DATA RECORDS below:

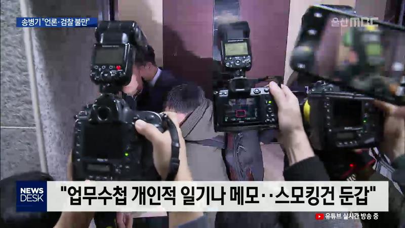 ◀ANC▶ 이번 청와대 하명수사 논란의 중심에 서 있는 송병기 경제부시장이 오늘(12/23) 기자회견을 열고 언론과 검찰 수사에 강한 불만을 표출했습니다. 자신의 메모글을 마치 결정적인 업무수첩처럼 보도했고, 검찰을 향해서는 불법 도청과 수사기록 유출 의혹까지 제기했습니다. 최지호 기자. ◀END▶ ◀VCR▶ 청원경...
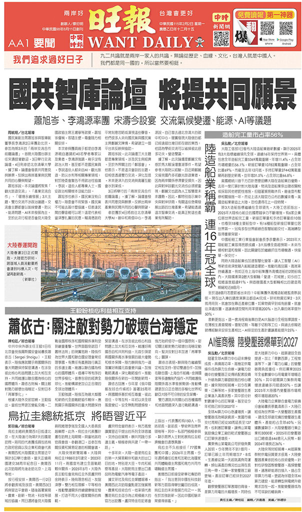 旺報 2026年2月2日
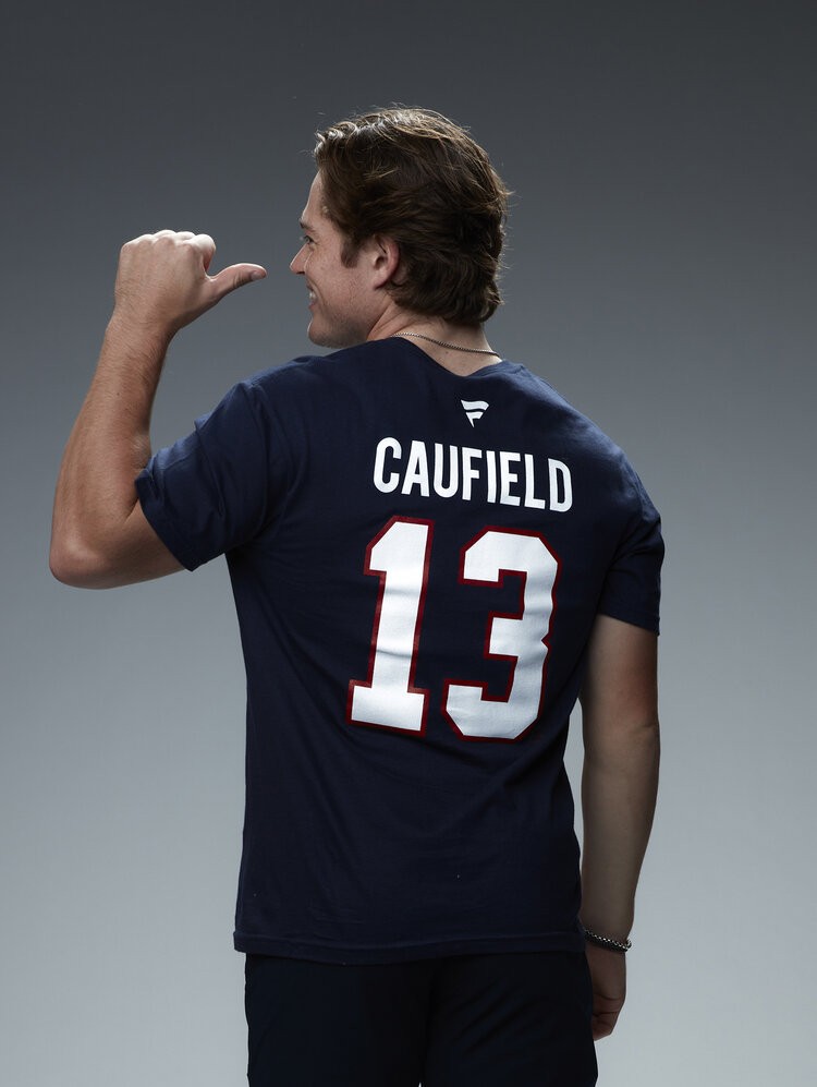 This is the authentic Montreal Canadiens player t-shirt with the name Cole Caufield #13 printed on the back of the t-shirt. A great way to show support for your favorite player!
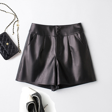 海宁真皮短裤阔腿宽松显瘦羊皮皮短裤2025秋百搭a字绵羊皮女皮裤
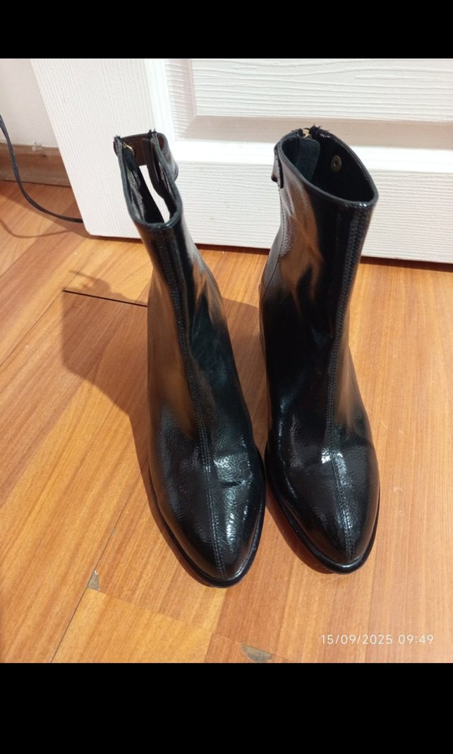 Parlak yılan desenli siyah deri kadın botları, ince topuklu ve tokalı. Minimalist gotik tarzda, günlük kullanıma uygun.
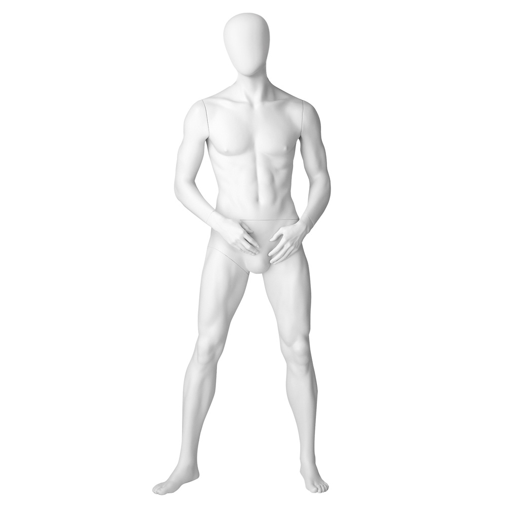Ανδρική κούκλα βιτρίνας της σειράς Downtown Guys Collection σε όρθια στάση με τους αγκώνες λυγισμένους και τις παλάμες πάνω από τους μηρούς, πόδια σε διάσταση. Το κεφάλι είναι αυγοειδές (χωρίς καθόλου χαρακτηριστικά προσώπου) και κοιτάζει ελαφρώς αριστερά. Είναι κατασκευασμένη από Fiberglass (λεπτές ίνες γυαλιού) ένα υλικό με μεγάλη αντοχή και μικρό βάρος.
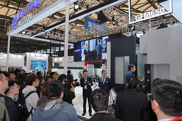 此次展會,海天精工帶來六款高性能、高精度、高效率的機(jī)床產(chǎn)品,這些機(jī)型在結(jié)構(gòu)設(shè)計、控制系統(tǒng)、加工精度等方面均實現(xiàn)了突破。參觀者們紛紛駐足觀看,對海天精工的產(chǎn)品贊不絕口。特別是全新研發(fā)的GFM650龍門五軸高速銑削中心與兼?zhèn)渑P式和立式加工能力的HF80H 臥式五軸加工中心更成為全場焦點(diǎn),參觀咨詢者絡(luò)繹不絕。
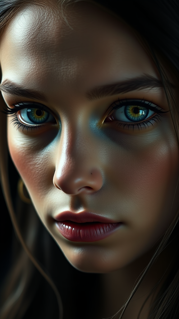A stunning portrait of a captivating elven healer set against a deep black background, showcasing mesmerically realistic reflective eyes with a flawless iris. The face is an epitome of beauty with alluring, feminine features, exuding an air of seduction. Inspired by the styles of David Kass

End of DATA RECORDS.

TASK PROMPT → Setting the pictures aside, return exactly the lines from the line with "This is the" through the last line of the listing above.

OUTPUT OF THE EXERCISE →
 This is the authentic Montreal Canadiens player t-shirt with the name Cole Caufield #13 printed on the back of the t-shirt. A great way to show support for your favorite player!
 海宁真皮短裤阔腿宽松显瘦羊皮皮短裤2025秋百搭a字绵羊皮女皮裤
 Parlak yılan desenli siyah deri kadın botları, ince topuklu ve tokalı. Minimalist gotik tarzda, günlük kullanıma uygun.
Ανδρική κούκλα βιτρίνας της σειράς Downtown Guys Collection σε όρθια στάση με τους αγκώνες λυγισμένους και τις παλάμες πάνω από τους μηρούς, πόδια σε διάσταση. Το κεφάλι είναι αυγοειδές (χωρίς καθόλου χαρακτηριστικά προσώπου) και κοιτάζει ελαφρώς αριστερά. Είναι κατασκευασμένη από Fiberglass (λεπτές ίνες γυαλιού) ένα υλικό με μεγάλη αντοχή και μικρό βάρος.
 此次展會,海天精工帶來六款高性能、高精度、高效率的機(jī)床產(chǎn)品,這些機(jī)型在結(jié)構(gòu)設(shè)計、控制系統(tǒng)、加工精度等方面均實現(xiàn)了突破。參觀者們紛紛駐足觀看,對海天精工的產(chǎn)品贊不絕口。特別是全新研發(fā)的GFM650龍門五軸高速銑削中心與兼?zhèn)渑P式和立式加工能力的HF80H 臥式五軸加工中心更成為全場焦點(diǎn),參觀咨詢者絡(luò)繹不絕。
A stunning portrait of a captivating elven healer set against a deep black background, showcasing mesmerically realistic reflective eyes with a flawless iris. The face is an epitome of beauty with alluring, feminine features, exuding an air of seduction. Inspired by the styles of David Kass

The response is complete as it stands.